Description of the task |
With the images removed, return every line below exactly as it reads.

Material provided |
BEGIN
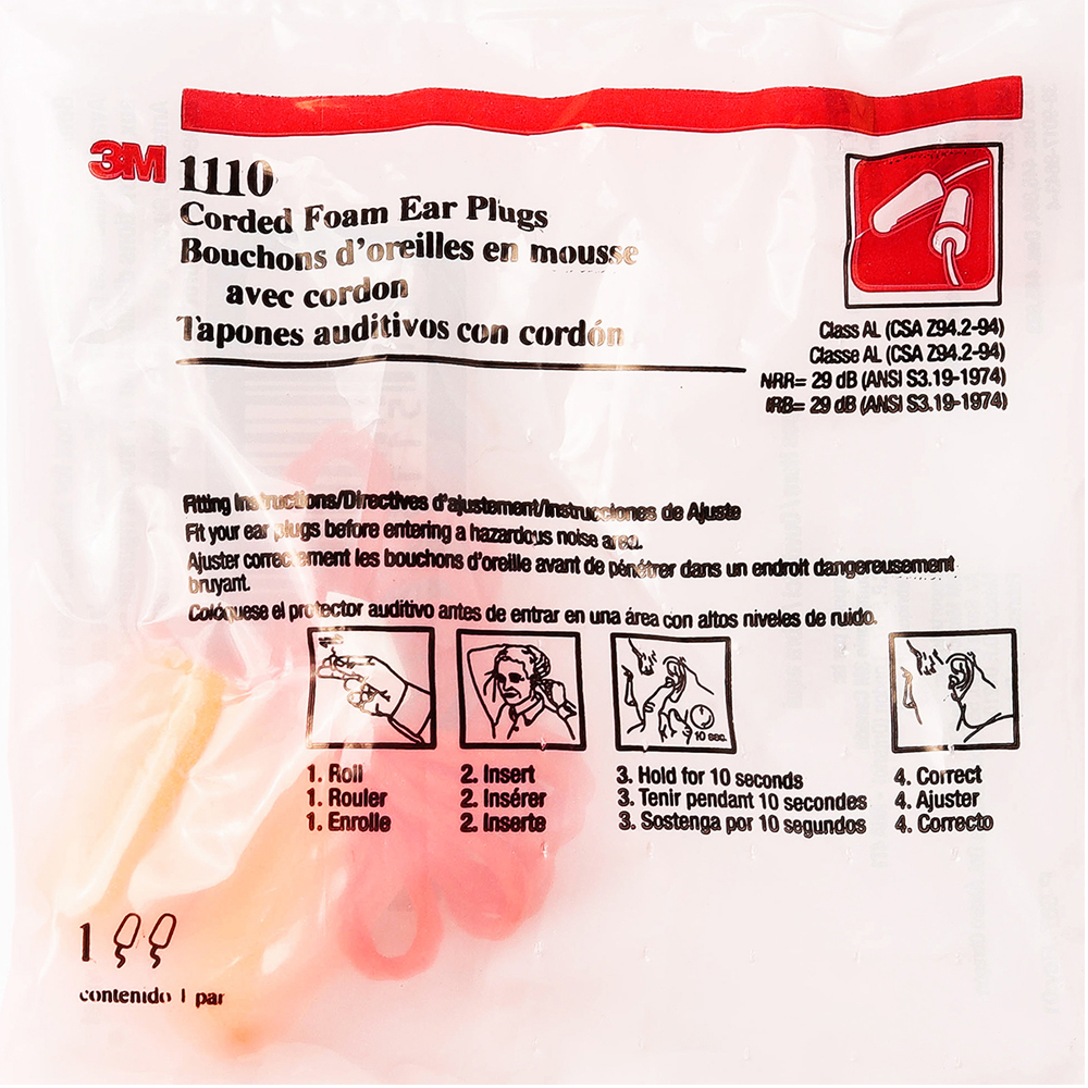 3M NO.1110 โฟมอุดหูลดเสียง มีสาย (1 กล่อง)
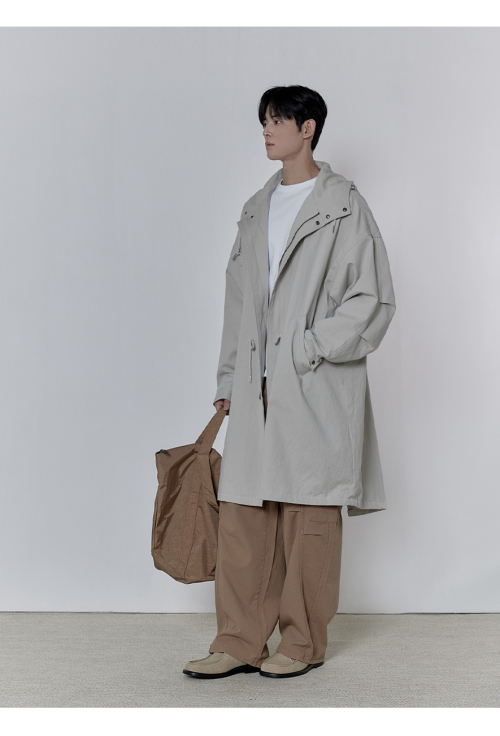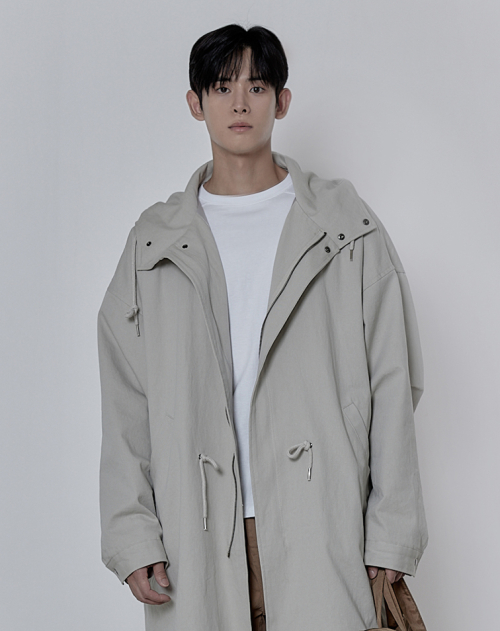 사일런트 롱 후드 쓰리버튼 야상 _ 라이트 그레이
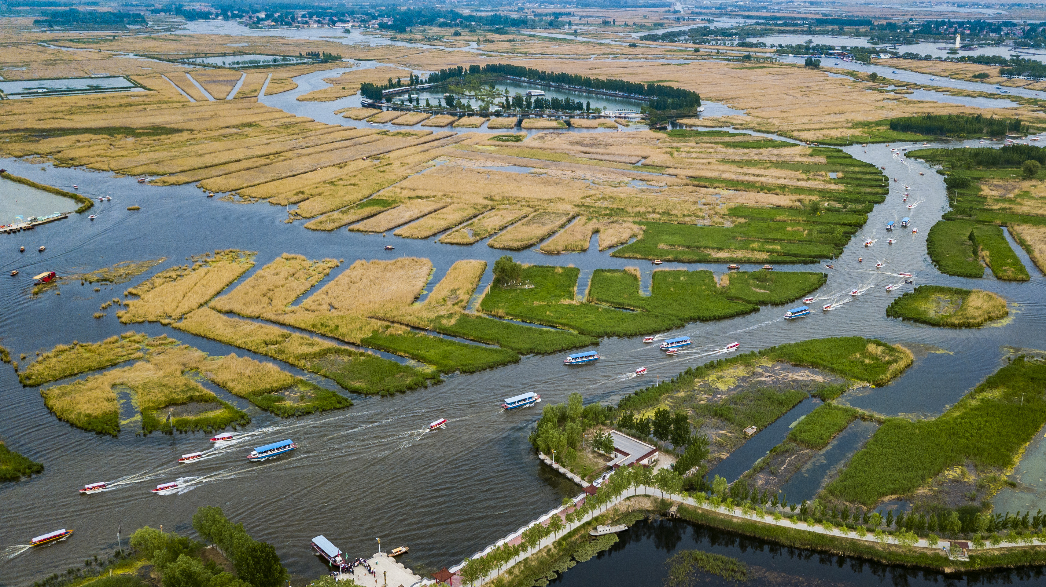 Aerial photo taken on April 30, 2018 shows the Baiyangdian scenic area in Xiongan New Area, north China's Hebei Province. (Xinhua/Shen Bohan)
END
Response |
 3M NO.1110 โฟมอุดหูลดเสียง มีสาย (1 กล่อง)
 사일런트 롱 후드 쓰리버튼 야상 _ 라이트 그레이
 Aerial photo taken on April 30, 2018 shows the Baiyangdian scenic area in Xiongan New Area, north China's Hebei Province. (Xinhua/Shen Bohan)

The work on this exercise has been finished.